At the present stage, however, it is important to distinguish between two issues: what many analysts say could be done with digital technologies, and what insurance companies are already doing with digital technologies. The use of Big Data has produced a big narrative about the predictive capability of the algorithms used to process these data. According to some observers (Siegelman, 2014: 325), this predictive power is ‘grossly exaggerated’, because social regularities are much more irregular than the regularities of the natural world, and the future remains unpredictable even when (or just when) we do everything possible to predict it. Moreover, predictive algorithms have not yet been applied to what is perhaps the most sensitive and crucial operation of the entire insurance mechanism: pricing. As McFall and Moor (2018: 205) rightly observe, it is premature, at least empirically, to come to the conclusion that premiums are tailored to individual policyholders in connected insurance. ²⁰ However, it is maybe not premature to ask what could happen if such a tailoring of policy premiums would replace traditional actuarial practices, when one bears in mind that, as McFall (2019: 54) points out, price personalisation would personalise access to goods and services (e.g. care, credit, retirement benefits) as well.

In our opinion, the relationship between prediction, price and personalisation with which the digital society is confronted is the outcome of a more general socio-evolutionary dynamic depending on the internalisation of attributions which is characteristic of the risk society (Beck, 2005; Luhmann, 1993).
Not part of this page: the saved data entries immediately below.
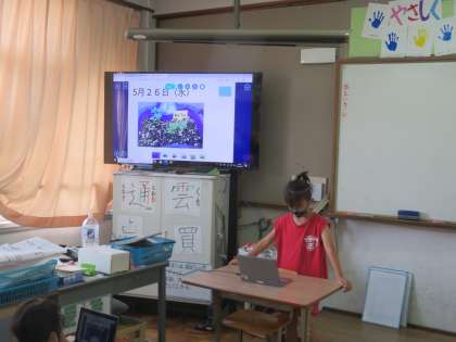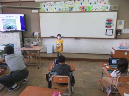 生活ではタブレットを使ってして自分たちのミニトマトの一ヶ月の様子や気付いた事を発表しました。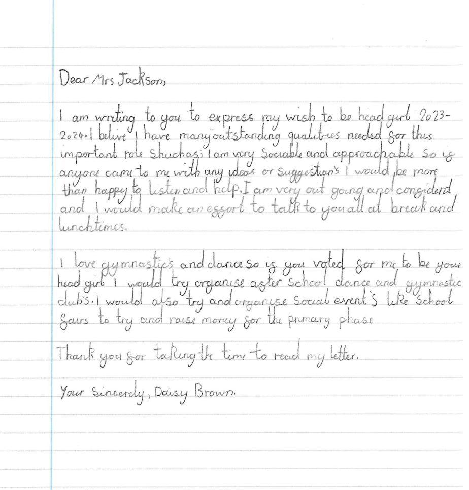 Each year, the Primary Phase votes for their Head Girl and Head Boy as well as School Prefects. The application letters this year were amazing and it will be really difficult for the children to choose!
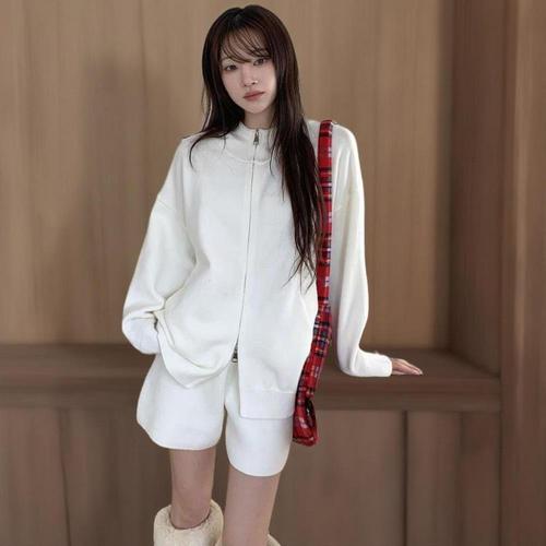 [미라클세븐]여성용 겨울 하이넥 니트 집업과 숏팬츠 트레이닝 세트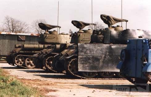 34-ки боснийских сербов... Один из танков покрыт защитными листами из резины...

In the case of insurance, the basic problem is always how to avoid adverse selection, i.e. the choice of particularly risky clients that will cost the company much more than the company has earned from the insurance premium. What is new in digital insurance is not so much that insurance companies try to predict risk in order to select the best cases in advance, but rather that the prediction is calculated directly on individual behaviour. External variables such as gender, age, race or place of residence are replaced, as we have seen, by internal, i.e. behavioural, variables. And the insurance premium could be calculated accordingly. While some observers claim that this would be justified for reasons of fairness (those who take more risks should pay more), others fear that the personalisation of prices could shape life-chances and produce new forms of discrimination. Unlike the traditional stratification into social classes, where discrimination was an assumption that affected individual life-chances, with the new alliance between actuarial techniques and digital technologies, discrimination would rather be a consequence of individual life-style, and generate classification situations that would affect individual life-chances in ways that are still largely unpredictable (Fourcade and Healy, 2013: esp. 560ff; cf. also Moor and Lury, 2018).

In any case, the possibility of replacing the assessment of the average with the assessment of the policyholder profile introduces a new way to deal with the uncertainty of the future. Empirical research is needed to observe whether this alleged epistemological revolution (Ewald, 2012: 10, 23) generates a concomitant pragmatic revolution – pragmatic both in the sense that insurance rates are calculated on the basis of the policyholder’s actual behaviour, and in the sense that her behaviour is conditioned by the fact that she knows that the price of the policy depends on that behaviour. This in turn could have circular effects with far-reaching consequences on social institutions, on the forms of solidarity and on the relationship with the future in the digital society.